Wer seine Glückshormone steigern will, muss sich deshalb aber trotzdem nicht in Gefahr begeben oder sich massivem Stress aussetzen. Denn es gibt andere Möglichkeiten, die Endorphin-Ausschüttung zu steigern:

  • UV-Licht: Durch Sonnenbaden steigen die Endorphinwerte. Eine Extraportion Tageslicht kann daher im Winter bei einer saisonbedingten Winterdepression stimmungsaufhellend wirken. Im Sommer sollte die Sonne trotzdem mit Vorsicht und ausreichendem Sonnenschutz genossen werden.

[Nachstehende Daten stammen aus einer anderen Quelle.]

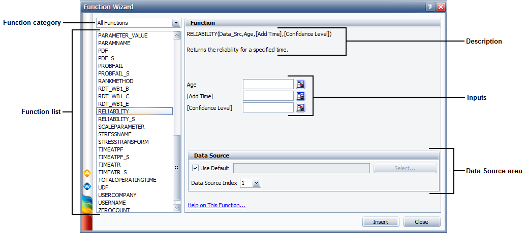 Select a function from the navigation panel and enter any required inputs. The following picture shows the most complex configuration as an example. After entering the inputs, click Insert to place the function into the report at the current cursor location. You can move and/or modify the function expression after it has been inserted.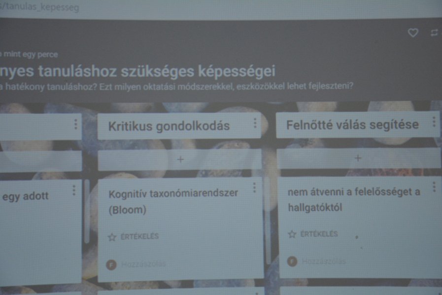 | 14.45 – 15.30 | II. blokk – bemutatók 1. Dr. Kővári Edit – Pannon Egyetem - Let’s learn how to learn (LELLEUP) 2. Dr. Lazányi Kornélia – Óbudai Egyetem - Tanítva tanulni 3. Janurikné Soltész Erika - Szent István Egyetem - 21. századi tanulásmódszertan |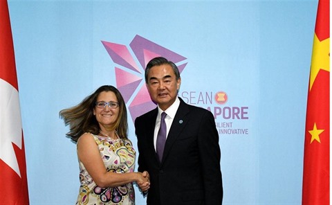 | Le conseiller d'État chinois et ministre des Affaires étrangères Wang Yi et son homologue canadienne Chrystia Freeland au Singapour le 3 août. |
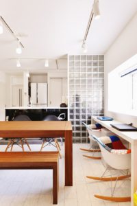 できないと思っていらした対面キッチンをご提案して、間仕切りにガラスブロックを採用。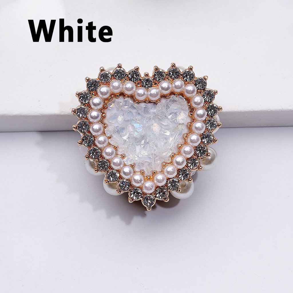 Shiny Rhinestones White Pearls Bling Bling Fancy Gold Alloy Heart with Mini Stones Rocks Clay Beads, Around 28*28*13MM

  • Positive Erlebnisse: Es wird davon ausgegangen, dass schöne Ereignisse das Belohnungssystem im Gehirn aktivieren und dadurch unter anderem Endorphine ausgeschüttet werden. Diese Botenstoffe führen dazu, dass euphorische Gefühle entstehen. Auch Lachen fördert die Freisetzung von Endorphinen.

  • Sex: Während des Orgasmus schüttet der Körper einen ganzen Hormon-Cocktail aus. Neben Serotonin und Oxytocin gehören dazu auch die Endorphine. Sie sorgen dafür, dass man sich entspannt und glücklich fühlt.

  • Geschwindigkeit: Ob bei einer rasanten Autofahrt, in der Achterbahn oder bei einem Fallschirmsprung: Dass ein solcher Geschwindigkeitsrausch einen Kick verursacht, liegt unter anderem an den Hormonen. In diesen Situationen aktiviert der Körper sein Warnsystem und bereitet sich auf das Schlimmste vor: Er schüttet die Stresshormone Adrenalin und Cortisol aus, um alle Energiereserven zu aktivieren und der Endorphinspiegel erhöht sich, um sich vor den befürchteten Schmerzen zu wappnen. Manche Menschen finden an diesem Nervenkitzel Gefallen und wollen ihn möglichst oft wiederholen – sie werden auch als Adrenalin-Junkies bezeichnet.

  • Ernährung: Der Konsum von Chili kann zu einem sogenannten "Pepper High"-Effekt führen. Gemeint ist ein Hochgefühl, das durch den enthaltenen Scharfmacher Capsaicin ausgelöst wird. Dieser Inhaltsstoff sorgt für das typische brennende Gefühl im Mund. Um diesen Schmerz zu lindern, schüttet der Körper Endorphine aus. Chili gilt daher auch als "Happy Food".

  • Sport: Bewegung setzt Endorphine frei. Das trifft vor allem auf den Ausdauersport zu, aber auch auf Aktivitäten wie Tanzen. Bei Letzterem sorgt nicht nur die körperliche Bewegung, sondern auch das Hören der Musik für den Endorphin-Flug.


Runner’s High durch Endorphine?

Als absolutes Hochgefühl beim Sport ist unter Läufer*innen das sogenannte Runner’s High bekannt. Durch die Ausschüttung von Endorphinen soll es bei anstrengenden Langstreckenläufen von besonderer Intensität möglich sein, den körperlichen Schmerz auszublenden. Läufer*innen sollen dadurch in eine Ekstase geraten und einen Rausch-ähnlichen Zustand erleben. Weil sie dieses Gefühl immer wieder erneut hervorrufen wollen, könnte dies sogar in eine regelrechte Laufsucht münden.

Welche Mechanismen beim Runner's High tatsächlich eine Rolle spielen, ist bisher nicht eindeutig geklärt. Während früher allein die Endorphine dafür verantwortlich gemacht wurden, zeigen neuere Studien, dass den Endocannabinoiden eine größere Bedeutung zuzukommen scheint. Es handelt sich dabei um Cannabis-ähnliche Substanzen, die vom Körper selbst hergestellt werden.